Владимир Зарев - Гончая. Гончая против Гончей
Я обещал Марии вернуться к пяти, потому что в воскресенье мы пригласили этого симпатягу Пашова на очередной полусемейный ужин при свечах. Постепенно он привык к нам, к прозрачности фарфорового сервиза, к мягкости кресел, был забавен и по-своему остроумен, обладая присущей умным людям самоиронией, одинаково галантно ухаживал за моей дочерью и за моей женой, регулярно приносил подарки Элли, ел много и с видимым удовольствием… вообще уже созрел для шлепанцев, забытых моим бывшим зятем в спальне Веры.

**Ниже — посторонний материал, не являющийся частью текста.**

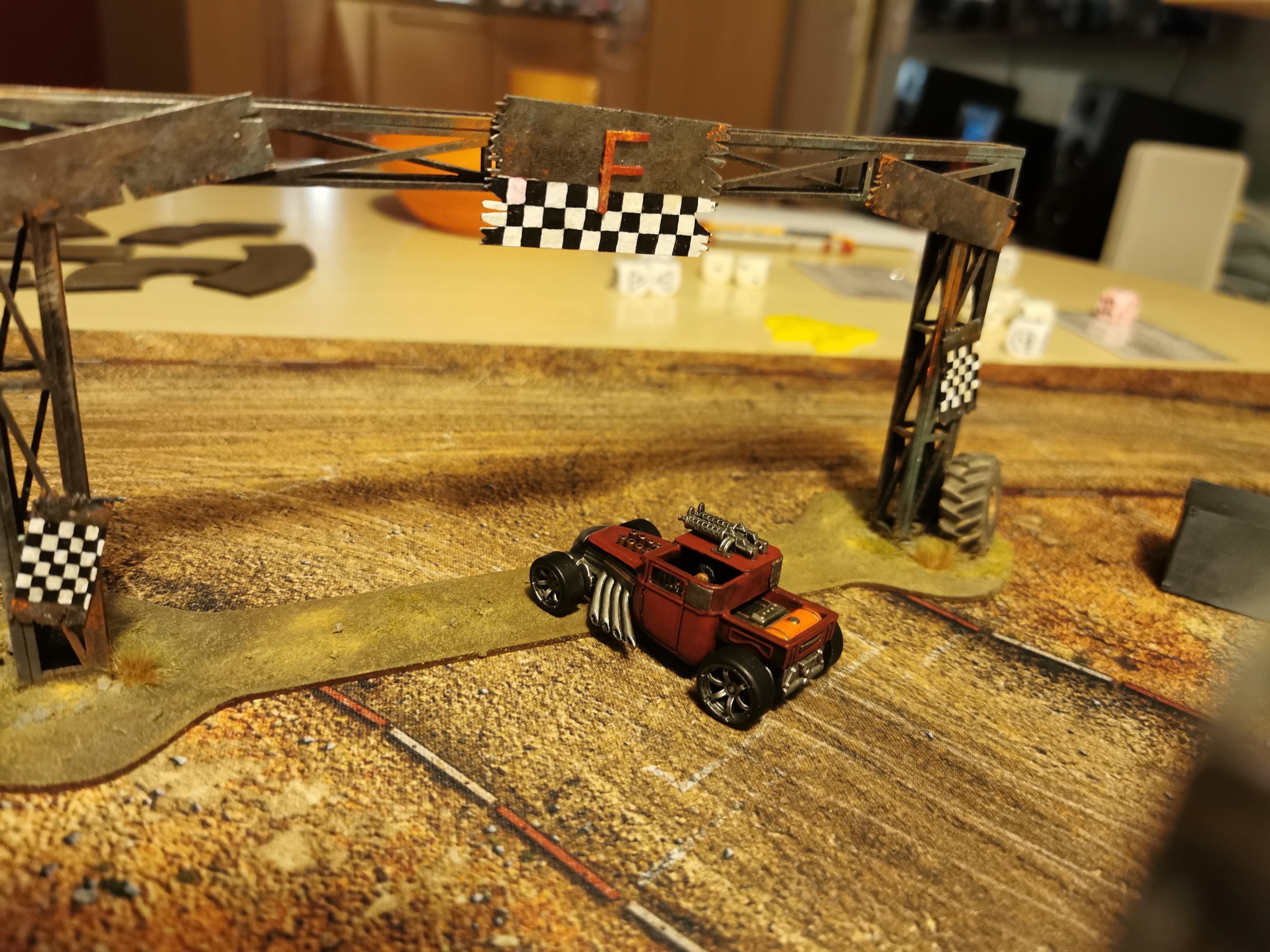 In der postapokalyptischen Welt von Gaslands ist das Szenario Death Race das ultimative Spektakel. Hier kämpfen die Fahrer nicht nur um Ruhm und Ehre, sondern auch ums nackte Überleben. Die Regeln sind einfach: Es gibt nahezu keine. Alles ist erlaubt, um als Erster die Ziellinie zu überqueren. Allein die Reihenfolge der Tore muss für einen Rennsieg eingehalten werden.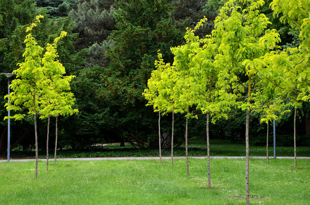 Gleditsia triancanthos ‘Sunburst’ – is fast growing, reaching 40′ feet tall and 30′ feet wide and is broadly conical with spreading, thornless branches, and bright yellow young foliage, fresh lime green at maturity, yellow in autumn. Does not fruit and is a popular cultivar.

Держался он просто, с чуть уловимым умственным превосходством, которое никого не обижало, лишь подчеркивая, его молодость. Вера утверждала, что он необыкновенно талантлив, один раз показала нам его интервью, напечатанное в газете «Орбита». Во время этих ужинов я чувствовал себя особенно уютно, потому что только в его шумном присутствии мне разрешалось курить в гостиной. Примерно около половины одиннадцатого утомленная изысканностью нашего застолья Вера кокетливо говорила: «А теперь пусть мужчины побеседуют, пока мы уберем со стола!»
Нам приносили кофе и мы садились перед телевизором — я смотрел на его темный экран, а Свилен рассказывал о том, что реабилитировали Бухарина, излагал содержание статей в «Московских новостях» и «Новом мире». Он принес мне почитать «Детей Арбата» и впечатляющую по своему объему книгу Гроссмана, толковал события в Советском Союзе как личное духовное очищение, словно в свои тридцать лет только что вернулся из лагеря и жаждал возмездия за преступления Сталина. Он упивался своим красноречием, его вполне устраивало мое молчание, но я не мог избавиться от ощущения, что все эти судьбоносные события для него больше забава, занимательная игра в демократию, чем подлинное страдание.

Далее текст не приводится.